**TASK INSTRUCTIONS:** Although the records contain pictures, print none of them; print exactly the lines from the one with "Nach dem Gedenken" through the last line.

**AVAILABLE DATA:**

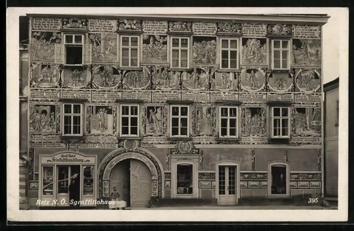 AK Retz /N.-Ö., Sgraffitohaus mit Feinkosthandlung Rebal
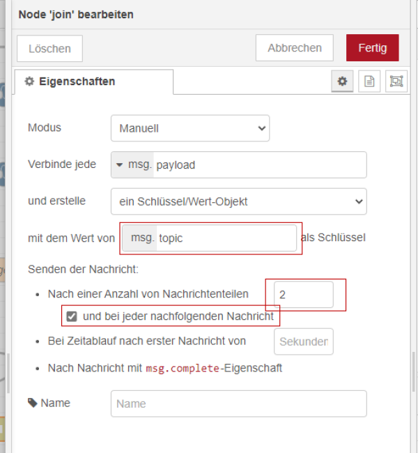 In the join node, the gateways are combined with the connection data. This results in data sets with the same connection data but different gateway information. With the use of the join Node is to be considered that the individual message parts must set in each case unique msg.topics before and that with the properties of the join Node the number of the message parts is specified and also the hook “and with each following message” is set. If this is not done the join node may not be able to process more than 2 separate gateway information. All joined data will be stored as a value object.
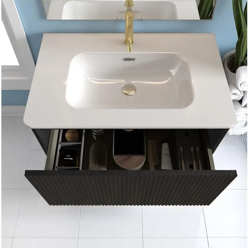 30" Wall-mounted Floating Bathroom Vanity With Striped White Texture, Glossy White Integrated Ceramic Sink, Push-open Drawer
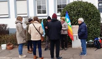 Nach dem Gedenken folgten eine Diskussion zur aktuellen Weltlage und die Reinigung der Stolpersteine. "Das Erstarken rechtsextremer Tendenzen muss uns Ansporn sein, immer wieder zu erinnern", so Andruet, die sich mehr Beteiligung aus der Bürgerschaft gewünscht hätte.
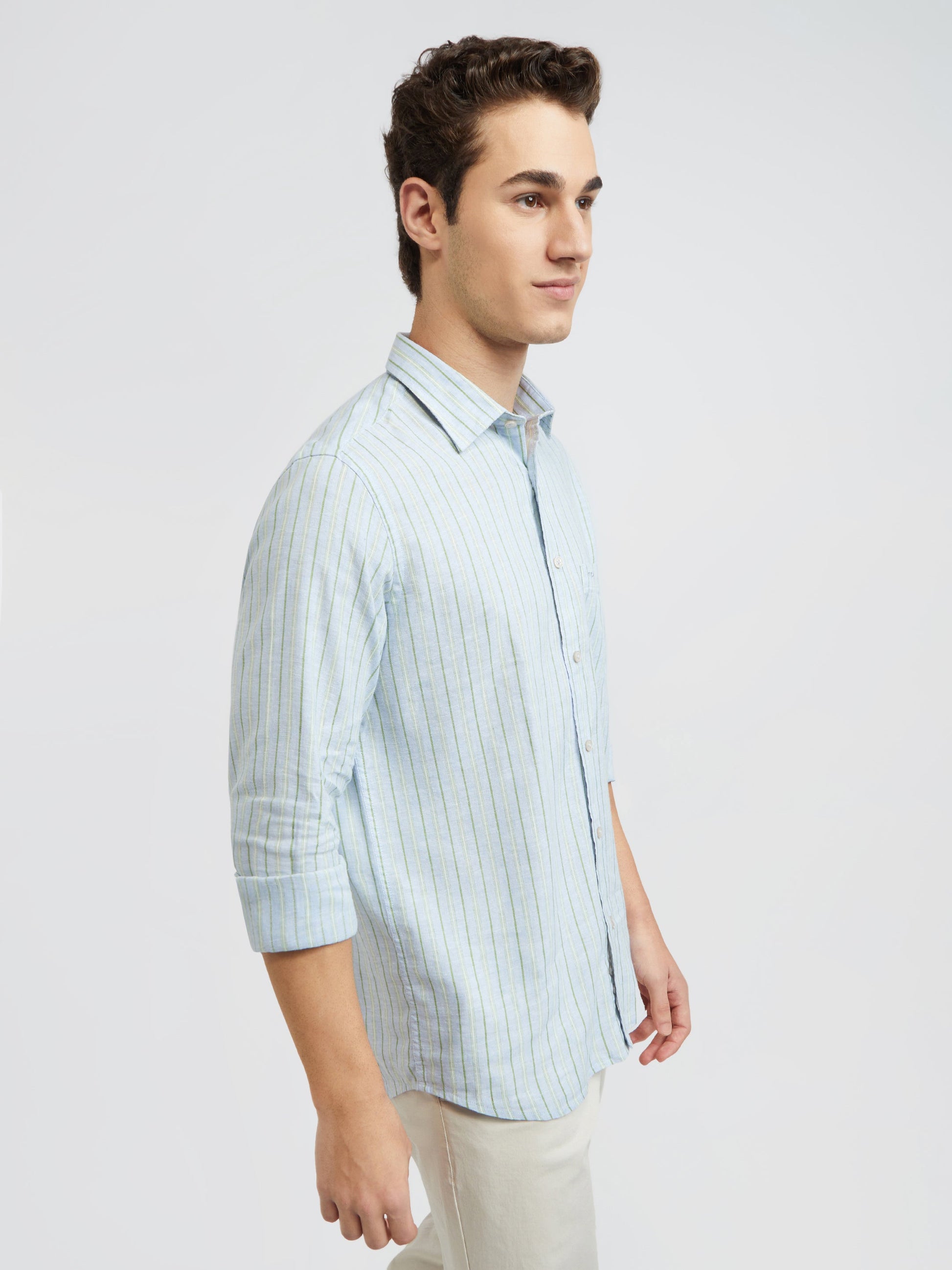 Men Blue Stripe Tailored Fit Linen Blend Full Sleeves Casual Shirt

**SOLUTION FOR THIS EXERCISE:**
 Nach dem Gedenken folgten eine Diskussion zur aktuellen Weltlage und die Reinigung der Stolpersteine. "Das Erstarken rechtsextremer Tendenzen muss uns Ansporn sein, immer wieder zu erinnern", so Andruet, die sich mehr Beteiligung aus der Bürgerschaft gewünscht hätte.
 Men Blue Stripe Tailored Fit Linen Blend Full Sleeves Casual Shirt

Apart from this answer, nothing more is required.